Perhaps you are looking for something like:
#!/usr/bin/env python def match_prefix(pfx,seq): '''return subset of seq that starts with pfx''' results = list() for i in seq: if i.startswith(pfx): results.append(i) return results def extract_prefixes(lngth,seq): '''return all prefixes in seq of the length specified''' results = dict() lngth += 1 for i in seq: if i[0:lngth] not in results: results[i[0:lngth]] = True return sorted(results.keys()) def gen_prefix_indexed_list(depth,seq): '''return a dictionary of all words matching each prefix up to depth keyed on these prefixes''' results = dict() for each in range(depth): for prefix in extract_prefixes(each, seq): results[prefix] = match_prefix(prefix, seq) return results if __name__ == '__main__': words='''Apple Ape Arc Abraid Bridge Braide Bray Boolean'''.split() test = gen_prefix_indexed_list(2, words) for each in sorted(test.keys()): print "%s:\t\t" % each, print ' '.join(test[each])
That is, you want to generate all the prefixes that are present in the list of words between one and some number that you specify (2 in this example). Then you want to create an index of all the words corresponding to each of these prefixes.

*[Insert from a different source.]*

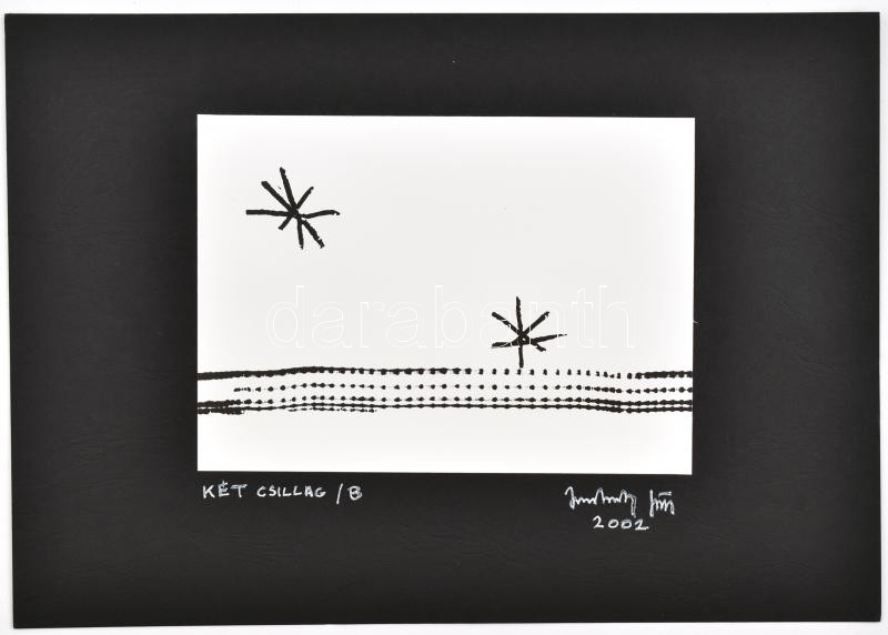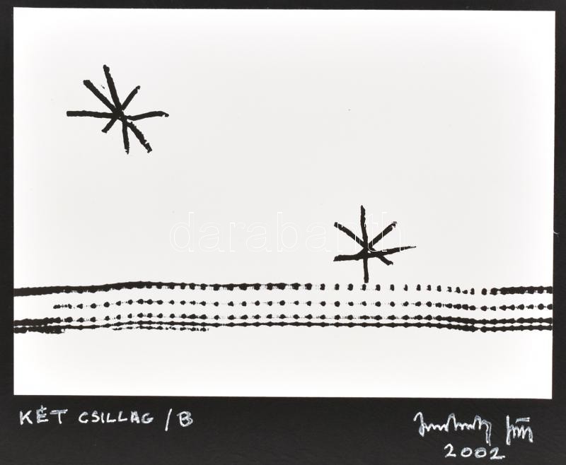 Leírás: 2002 Jankovszky György(1946-): Két csillag, fotógrafika, feliratozva, aláírt, pecséttel jelzett, kartonra kasírozva, 12×18 cm

I am sure there are more elegant ways to do this. For a quick and easy-to-explain approach, I just built this from a simple upstream functional decomposition of an apparent specification. Of the final values of the result are lists, each of which corresponds to a given prefix, then we start with a function to filter out such matches from our inputs. If the keys of the final result are all the prefixes between 1 and some N that appear on our input, then we have a function to extract them. Then our specification. this is a very simple nested loop around this.
Of course, this socket loop can be a problem. Such things are usually equated with an efficiency of O (n ^ 2). As shown, this will iterate over the original list C * N * N times (C is a constant number representing prefixes of length 1, 2, etc., and N is the length of the list).

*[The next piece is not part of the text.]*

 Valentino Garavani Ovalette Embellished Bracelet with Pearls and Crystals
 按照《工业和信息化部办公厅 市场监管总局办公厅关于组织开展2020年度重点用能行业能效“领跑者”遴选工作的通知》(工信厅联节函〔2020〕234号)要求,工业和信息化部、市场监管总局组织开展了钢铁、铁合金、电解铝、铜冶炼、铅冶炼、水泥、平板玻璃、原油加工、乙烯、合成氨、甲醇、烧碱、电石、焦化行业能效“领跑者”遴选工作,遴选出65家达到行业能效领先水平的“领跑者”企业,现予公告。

If this decomposition provides the desired semantics, we can look at increasing efficiency. An obvious approach would be lazy to generate dictionary keys, since we repeat once over the list ... for each word, for each prefix length, generate a key ... attach this word to the list / value stored on this key. and move on to the next word.

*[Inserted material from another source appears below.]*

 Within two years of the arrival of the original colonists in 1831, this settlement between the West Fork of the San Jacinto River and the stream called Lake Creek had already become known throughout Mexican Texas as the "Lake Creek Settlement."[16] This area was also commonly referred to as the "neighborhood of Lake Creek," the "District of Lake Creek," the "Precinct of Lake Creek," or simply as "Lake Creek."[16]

There is still a nested loop ... but this is a short loop for each key / prefix length. This alternative design has the advantage of allowing us to iterate over word lists from any iterative, not just a list in memory. Thus, we could iterate over the lines of the file, the results obtained from the database query, etc. --- Without imposing memory overhead on saving the entire source list of words in memory.
Of course, we still keep the dictionary in mind. However, we can also change this, separate the logic from input and storage. When we add each input to different prefix / key values, we don’t care whether they are lists in a dictionary or strings in a set of files, or values that are retrieved from (and discarded back to) DBM or other key / value storage (for example, some type CouchDB or another "clustered / noSQL database".
The implementation of this is left as an exercise for the reader.